Still not going to beg her for forgiveness.

Ican’t.

I tie my skates, strap on my shin guards, tug up my socks and pants then move on to my shoulder and elbow pads, my jersey and helmet. My gloves.

But it’s all by rote.

All fucking bullshit.

Because I’m not here, not really.

I skate.

I shoot.

I backcheck.

I score a goal.

Then I do the whole damned thing again.

But none of it means anything—the win, the goals, the good plays.

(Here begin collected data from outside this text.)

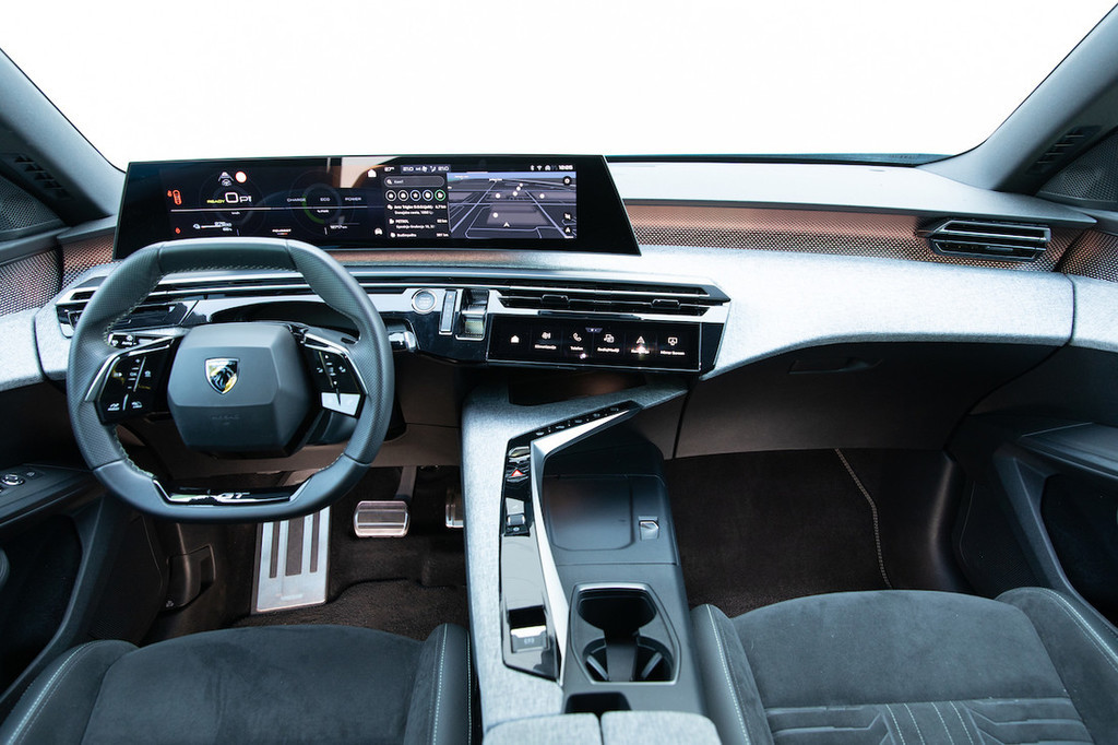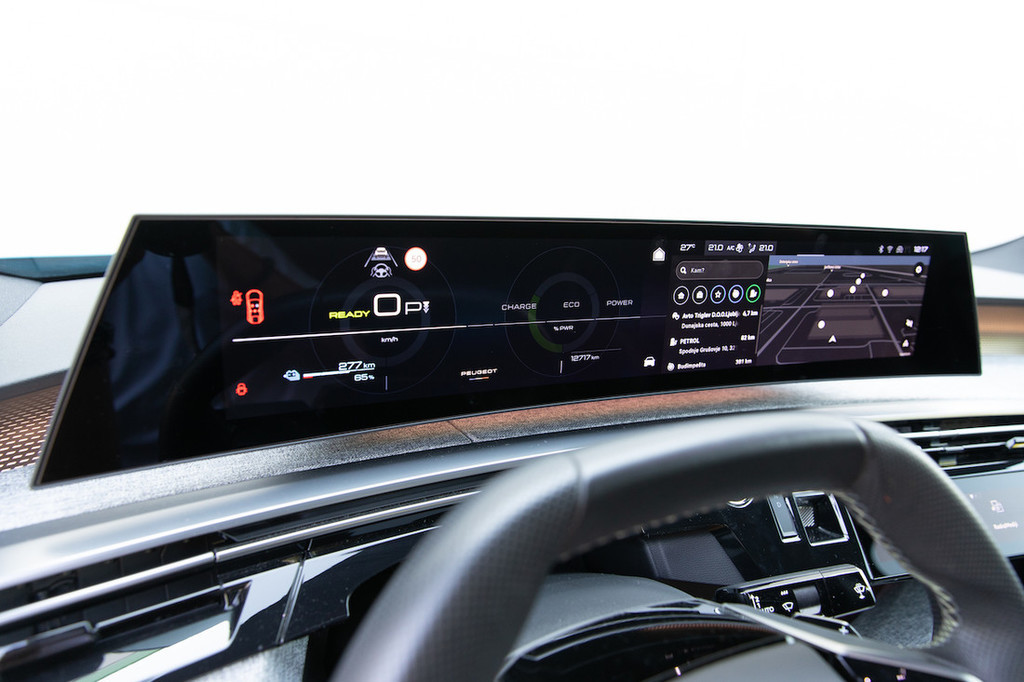 Nič manj drzno, morda celo še bolj kot navzven, je oblikovana notranjost, ki se zdi kot iztegnjeni sredinec vsem minimalistično prečiščenim kabinam električnih tekmecev. Najprej je tu nova generacija Peugeotovega panoramskega i-cockpita z majhnim volanskim obročem in ukrivljenim lebdečim zaslonom premera 53,3 centimetra nad njim. Tam se dogaja praktično vse, saj zaslon združuje tako voznikovo instrumentno ploščo kot osrednji zaslon na desni polovici. Ta je seveda občutljiv na dotik, a ni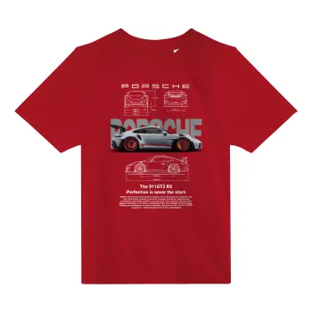 Porsche, Άνετο παιδικό T-Shirt ΚΟΚΚΙΝΟ από 100% βαμβάκι, για κάθε μέρα. Vegan & OEKO-TEX πιστοποιημένο.
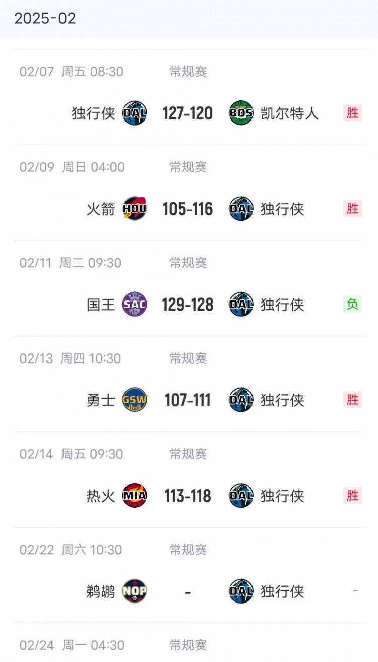 2月14日訊 NBA常規(guī)賽,獨行俠118-113力克熱火。據統(tǒng)計,最近5場比賽,獨行俠取得了4勝1負,唯一輸球是加時不敵國王。目前,獨行俠30勝26負排名西部第八。 本文標簽: NBA 籃球 西部 獨行俠
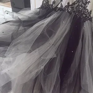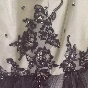 This elegant dress features a stunning black and white design, perfect for special occasions. The intricate detailing adds a touch of sophistication. You will be sure to WOW! Sooo many layers of beautiful white and black tool covered in shimmering sequins! There is a bit of make up on the inside near the bust. See pictures- not visible when worn! Size 9/10 original price $695

Because the entire time all I can think is…

She flies out tonight.

And even though every cell in my body is screaming at me to go after her?—

I know I have to let her go anyway.

For all our sakes.

Thirty-Nine

Finn

Rhodes played well tonight.

Two goals and dominating the ice with an intensity that took my breath away.

I probably shouldn’t have watched.

But part of me needed to say goodbye…even if it was through a television screen.

Plus, Jean-Michel was at the game, wouldn’t be flying out until it was over.

I needed to know when it would end so I could properly time my arrival at the airport, right?

Sure.

Now I’m aboard his private jet, his wife Tiff sitting across from me while he talks on the phone.

The flight attendants bustle around and the pilots are in the cockpit, doing whatever checks they need to do before takeoff.